# Lavender cruisers



## Schulze (Jan 19, 2022)

I know these aren’t very collectible, but when I came across these I thought it would be something cool, plus I thought the color was sweet. Bought from original owners son who said his Dad had traded in an older Schwinn when he bought these for him and his wife. They were put in a Uhaul and stayed for over 20 years, had to cut the tires off as they were hard as a brick! owner had the shop install motometers, one was at 64 miles, the other was over 100. Fixed and cleaned one up, sold them as a set to another husband and wife.


----------



## Lonestar (Jan 19, 2022)

I have 1 too! As you mentioned, they are not super collectable, but sure are fun! That color rocks, too  🙂 

Welcome to The CABE! Thanks for sharing your pics & story!


----------



## phantom (Jan 19, 2022)

Nice job


----------



## Schulze (Jan 19, 2022)

Here is a shot of the motometer…


----------



## Xlobsterman (Jan 19, 2022)

Schulze said:


> I know these aren’t very collectible, but when I came across these I thought it would be something cool, plus I thought the color was sweet. Bought from original owners son who said his Dad had traded in an older Schwinn when he bought these for him and his wife. They were put in a Uhaul and stayed for over 20 years, had to cut the tires off as they were hard as a brick! owner had the shop install motometers, one was at 64 miles, the other was over 100. Fixed and cleaned one up, sold them as a set to another husband and wife.
> 
> View attachment 1552026
> 
> ...




Looks like 86 to 88 models made by Giant in Taiwan. Can you read the number on that white tag from the bike?


----------



## Rusty Klunker (Jan 19, 2022)

By the SN's they appear to be 86's.


----------



## Xlobsterman (Jan 19, 2022)

Rusty Klunker said:


> By the SN's they appear to be 86's.




And how did you come up with that determination?


----------



## Rusty Klunker (Jan 19, 2022)

SN,- Y *(6)* 826468
SN,- Y *(6)* 805365

From the few I've owned and the Taiwan 85-89 I've seen the SN's all started with a Y then the next digit/number always matched the 4th digit on the headbadge.

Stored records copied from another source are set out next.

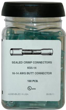
Sealed Crimp Connectors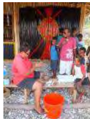
Demonstration of ceramic art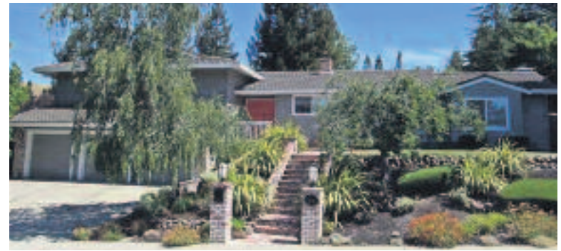
1018 Richard Lane, Danville - Listed at $1,649,000 SOLD! Represented Buyer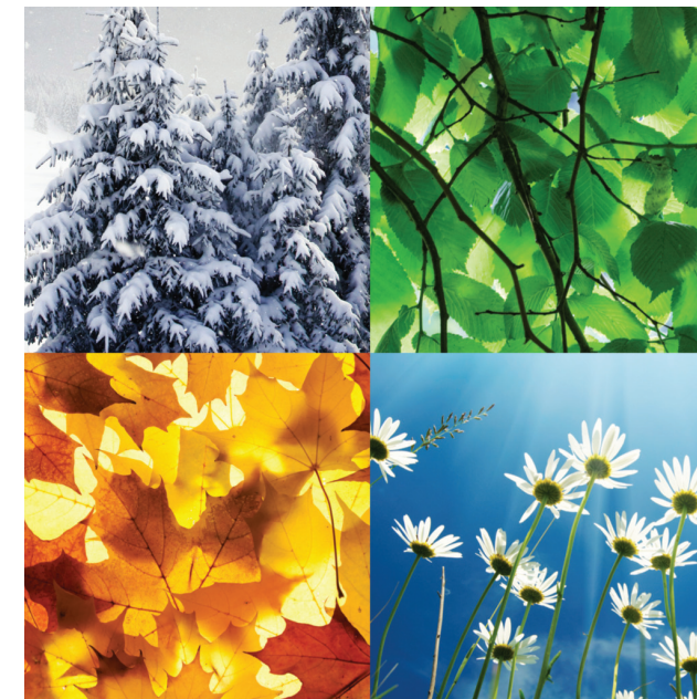
Year-round comfort and energy savings.

Its state-of-the-art low-e technology is sophisticated, but what it does is simple. Dual-action Ecolux helps keep heat out in summer and reflects heat back into the room in winter.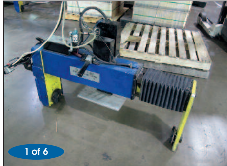
Signature Log Clamp Units model SLC 1 of 6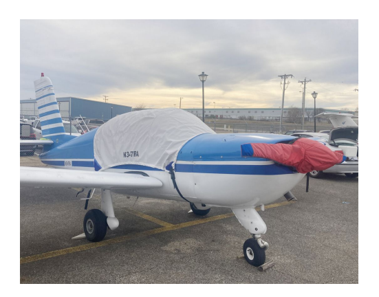
SOCATA Rallye 150 Canopy Cover, Prop Cover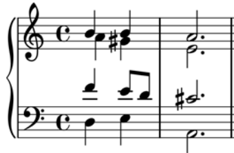
Fig. 1. Example of a Picardy third from the end of J. S. Bach’s chorale, Zeuch ein zu deinen Toren (BWV 28/6). This cadential figure employs all and only the pitch classes in a harmonic major scale set.

Let \mathcal{H} = \mathcal{H}_{\min} \cup \mathcal{H}_{\text{maj}} . \mathcal{H} will be called the set of harmonic scale sets . The set \mathcal{F} , associated with Piston’s “fundamental diatonic scales” is closed under transposition, but not under inversion. The smallest inversionally closed superset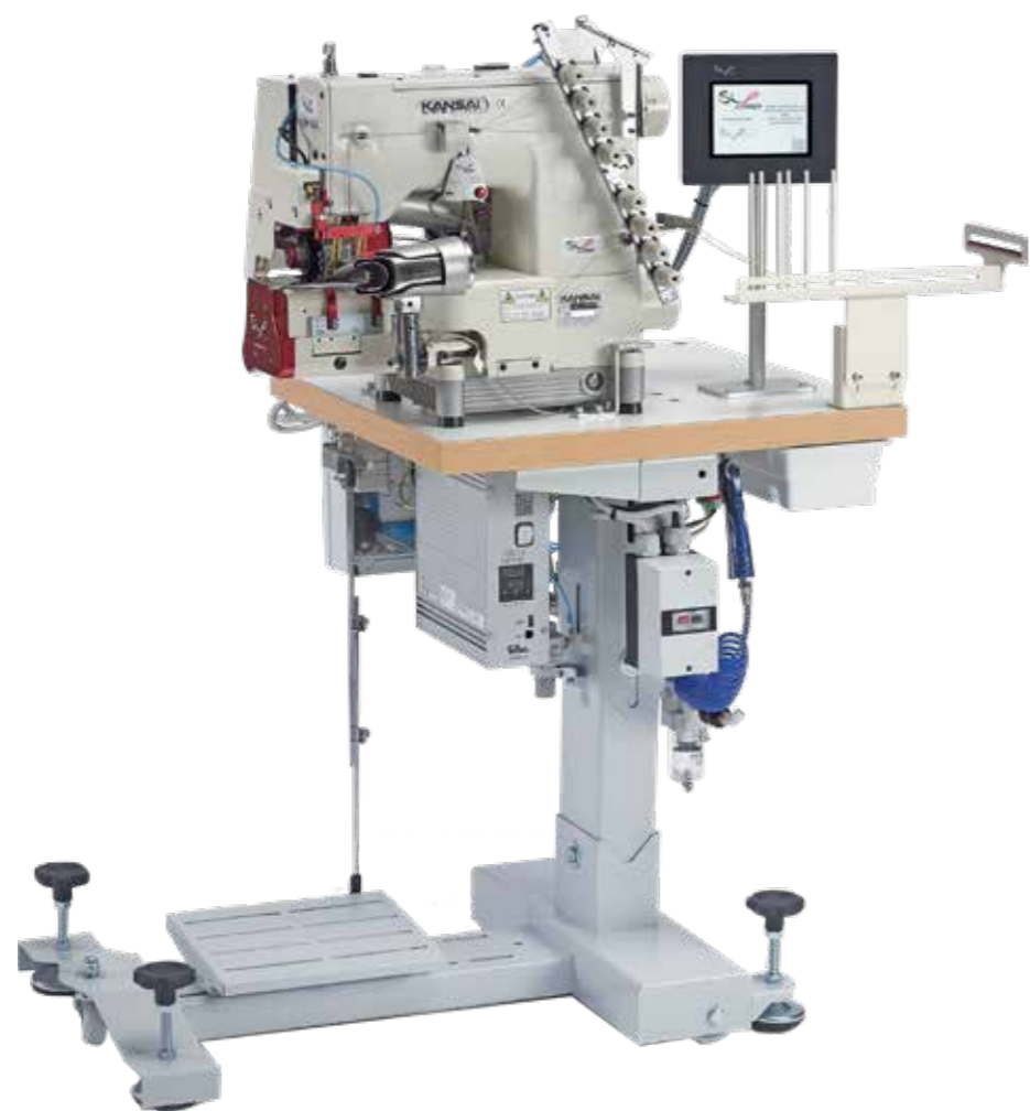
6044-SPVCH Sewing Unit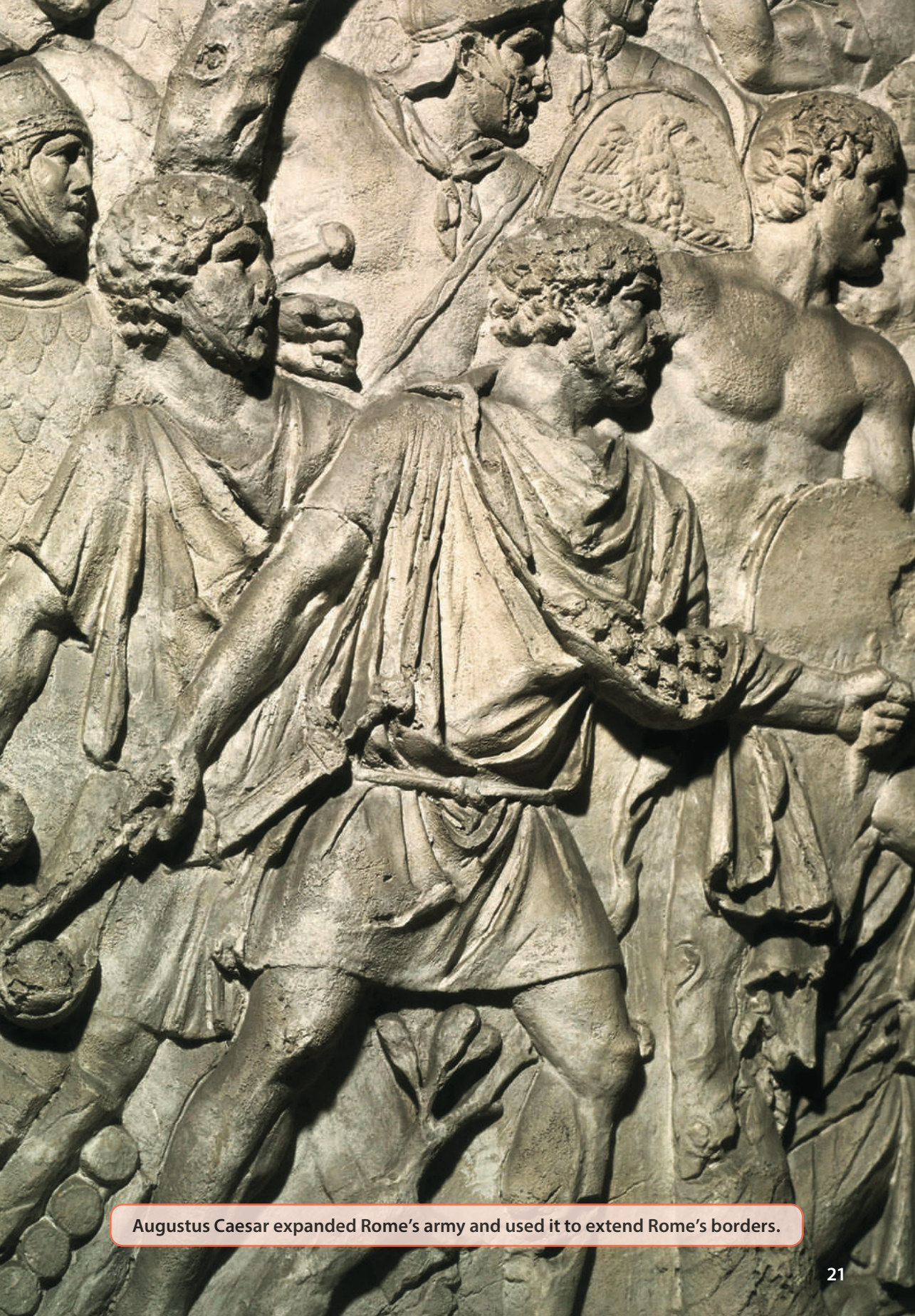
Augustus Caesar expanded Rome's army and used it to extend Rome's borders.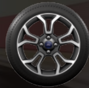
17" Painted Machined Aluminum Standard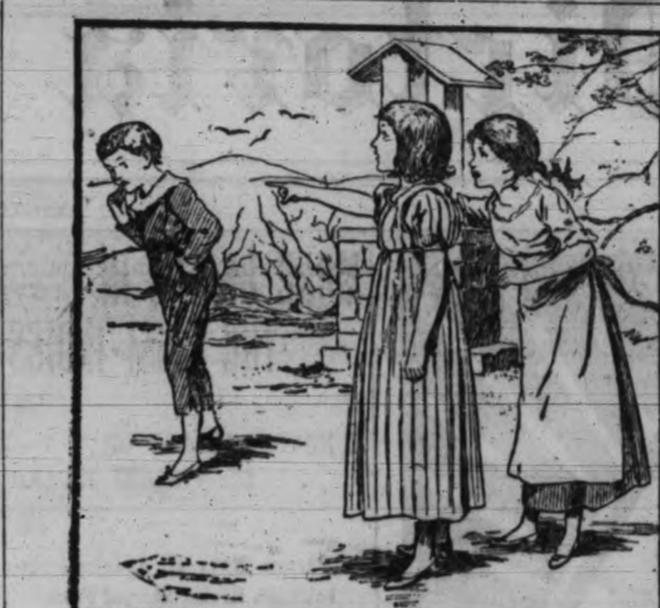
MOTHER GOOSE PUZZLE. When Tommy Green drowned the cat the girls told his parents. Find his father and mother.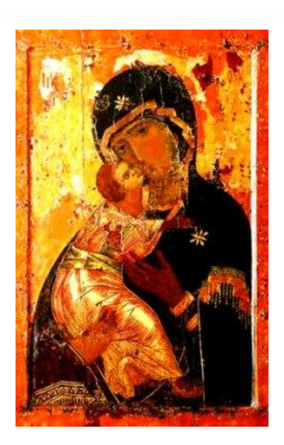
Our Lady of Kyiv, Pray for Ukraine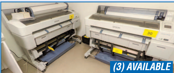
PARTIAL VIEW OF EPSON LARGE FORMAT PRINTERS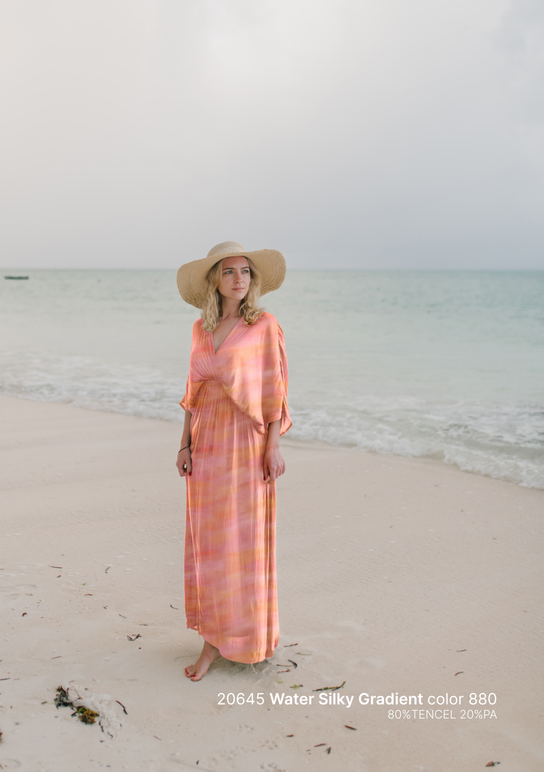
20645 Water Silky Gradient color 880 80%TENCEL 20%PA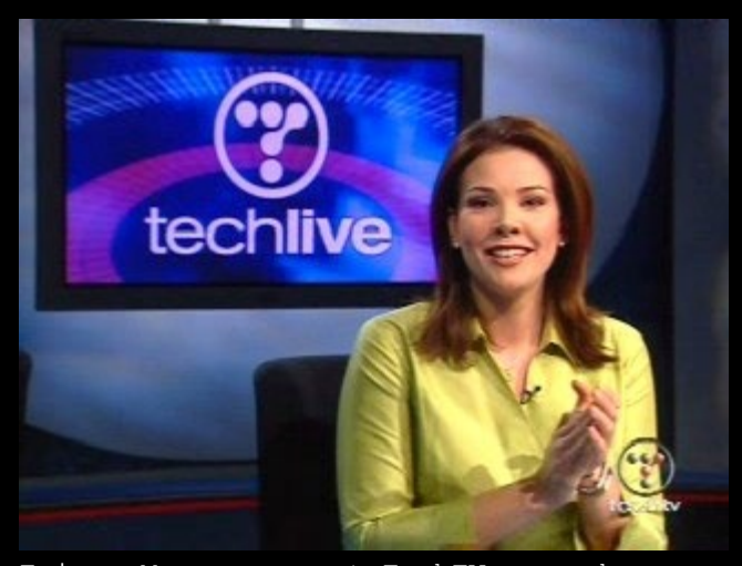
Erica: Morgan, we at TechTV -- and our 30,000 viewers -- are a big family! I promise whatever you say will not go out of our little family here!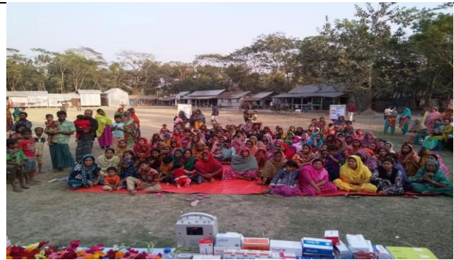
Family Planning Counselling under DBF FP Program in presence of District commissioner(DC) Jhalokati.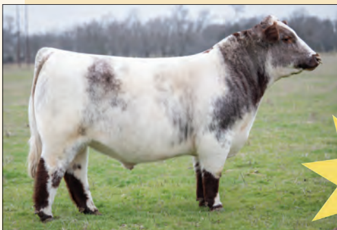
LITTLE CEDAR CURRENCY 2146

Owned by Bollum Family Shorthorns, Little Cedar Cattle Co. and Armstrong Farms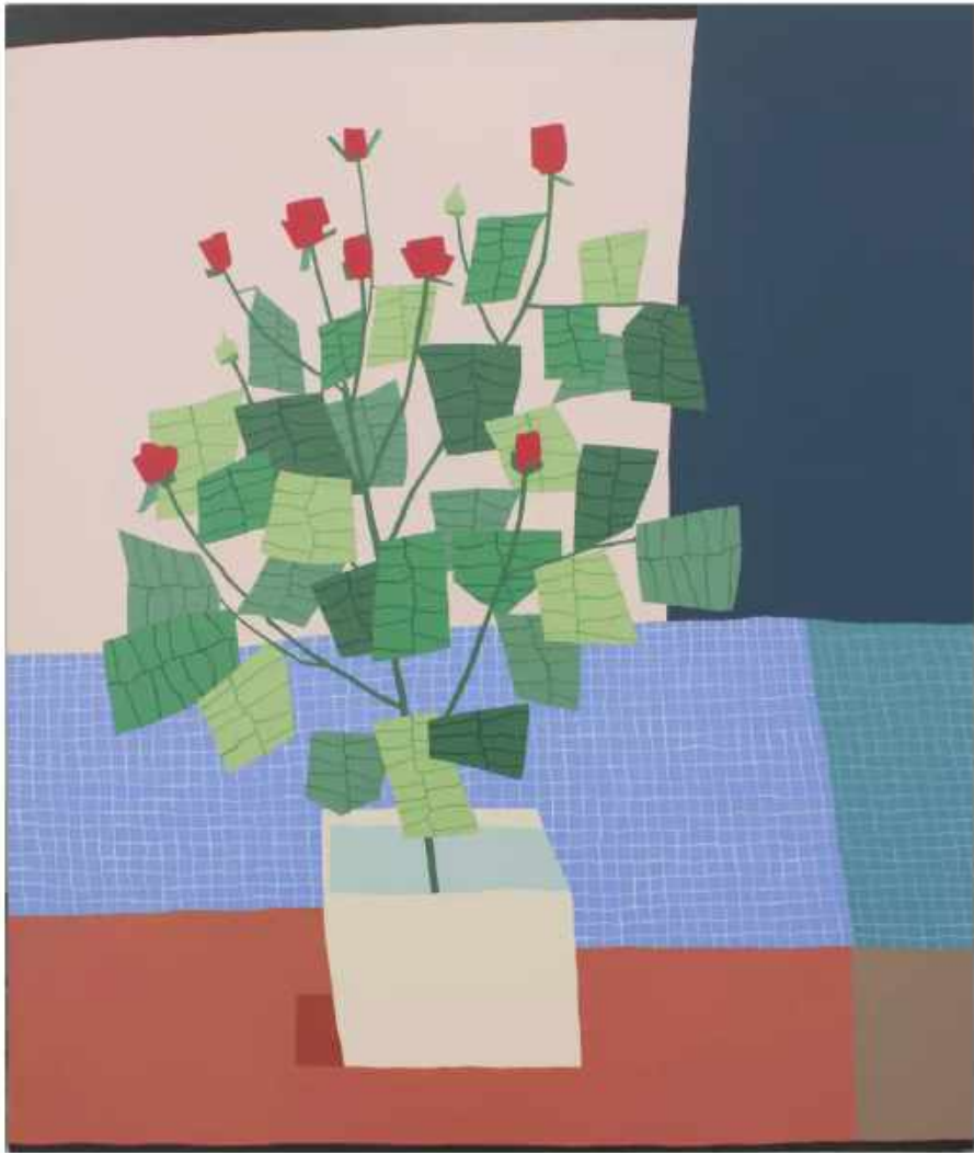
Motonori Uwasu "Rose" Acrylic on Canvas 23.9 x 28.6 inches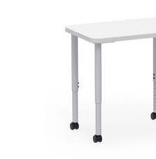
Post-Leg Desks >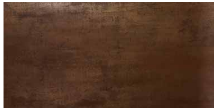
DORIAN BROWN RECT. 60X120 / 24"X48" T45/M

60X120 - 60X60 - 30X60 / 24"X48" - 24"X24" - 12"X24"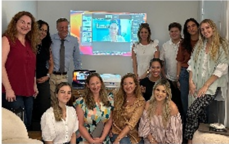
South Miami Psychology Group.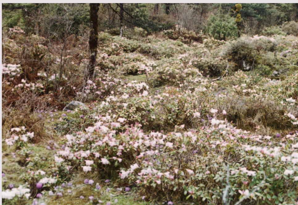
FIGURE 2 Rhododendrons found in the high-altitude zones showing the effect of habitat degradation.

In the last 10 years the population of Sikkim has increased by approximately 33%, thus putting even more pressure on resources. In the fringe areas, livelihood options such as traditional farming, pastoralism, and tourism exist. Agriculture is at the subsistence level, with dependency on natural resources in the surrounding forest exceeding 60%. Fringe areas were characterized by socioeconomic condi-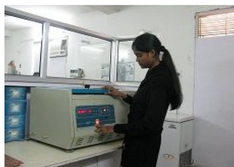
Refrigerated Centrifuge ( 4 Nos )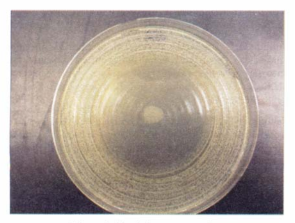
Fig. 4. Positive control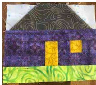
Flip and Turn Method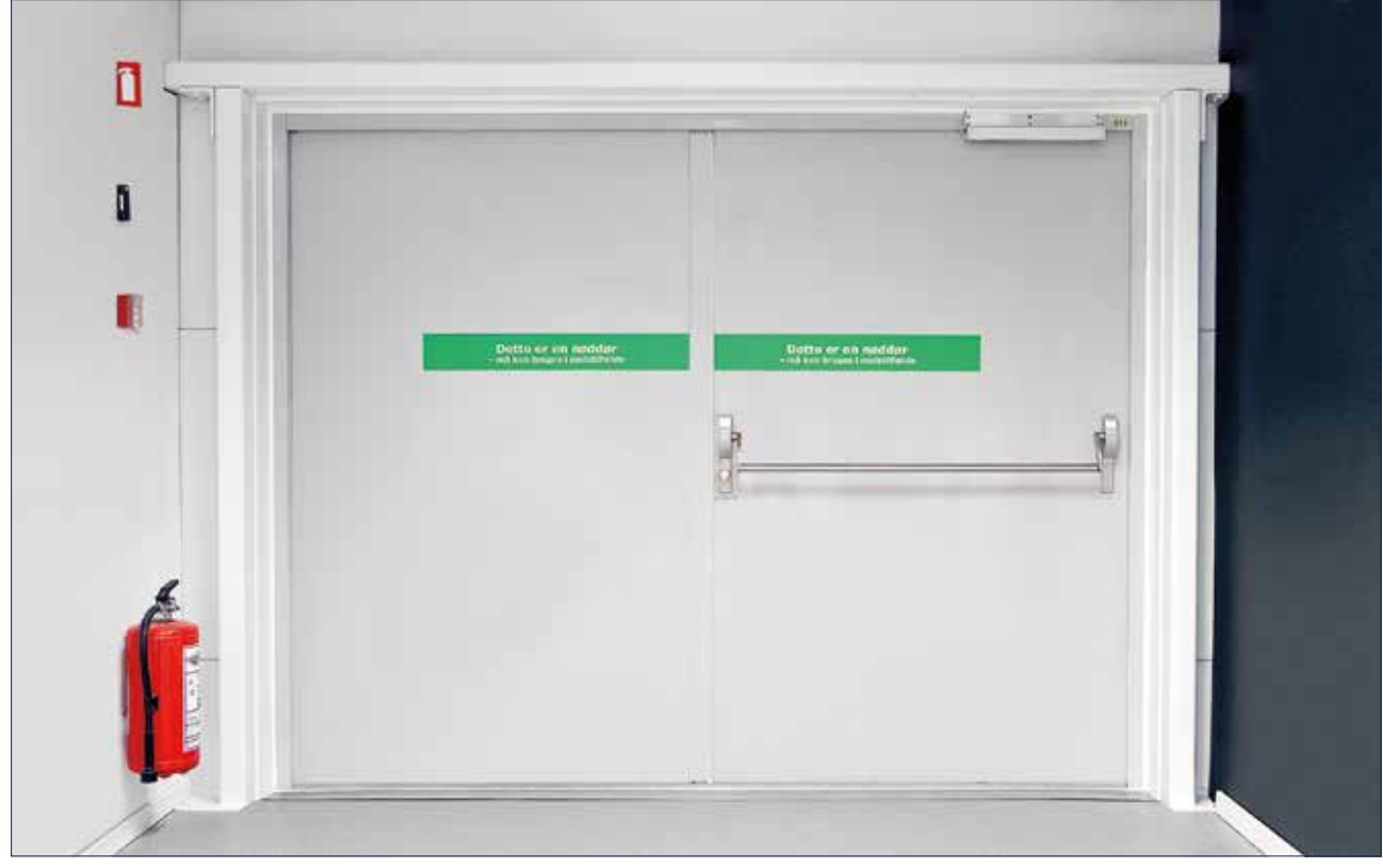
IKEA, Taastrup, Denmark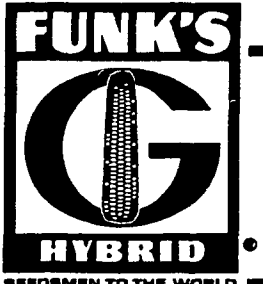
Dependable Hybrids from Dependable People

Funks is a Brand Name Numbers Identify Varieties Funk Bros Seed Co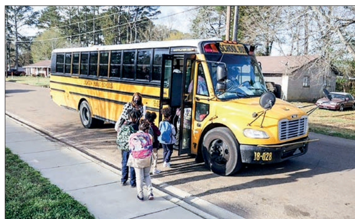
Children leave Wilkins Elementary school in Jackson, Mississippi, to use the bathroom at a neighbouring school because their school lacks the water pressure needed to flush the toilets.

"The distribution lines are aging, and a master plan for pipe replacement... is not being implemented," the US Environmental Protection Agency (EPA) wrote in a 2020 report.—AFP ■

@Schulze, do you know the 4 digit headbadge numbers?


----------



## Schulze (Jan 19, 2022)

Shocked I actually took a picture of it!


----------



## Xlobsterman (Jan 20, 2022)

Rusty Klunker said:


> SN,- Y *(6)* 826468
> SN,- Y *(6)* 805365
> 
> From the few I've owned and the Taiwan 85-89 I've seen the SN's all started with a Y then the next digit/number always matched the 4th digit on the headbadge.
> ...




OK, good to know, thanks. I have never owned one of these Taiwan made bikes from the 80's.


----------



## ogre (Jan 20, 2022)

Nice bikes!

Since purchase of a cantilever-framed specimen in pink /"rose", I've developed an affinity for these late-80s, Giant-built Asian Schwinn cruisers. Now I covet a lavender version!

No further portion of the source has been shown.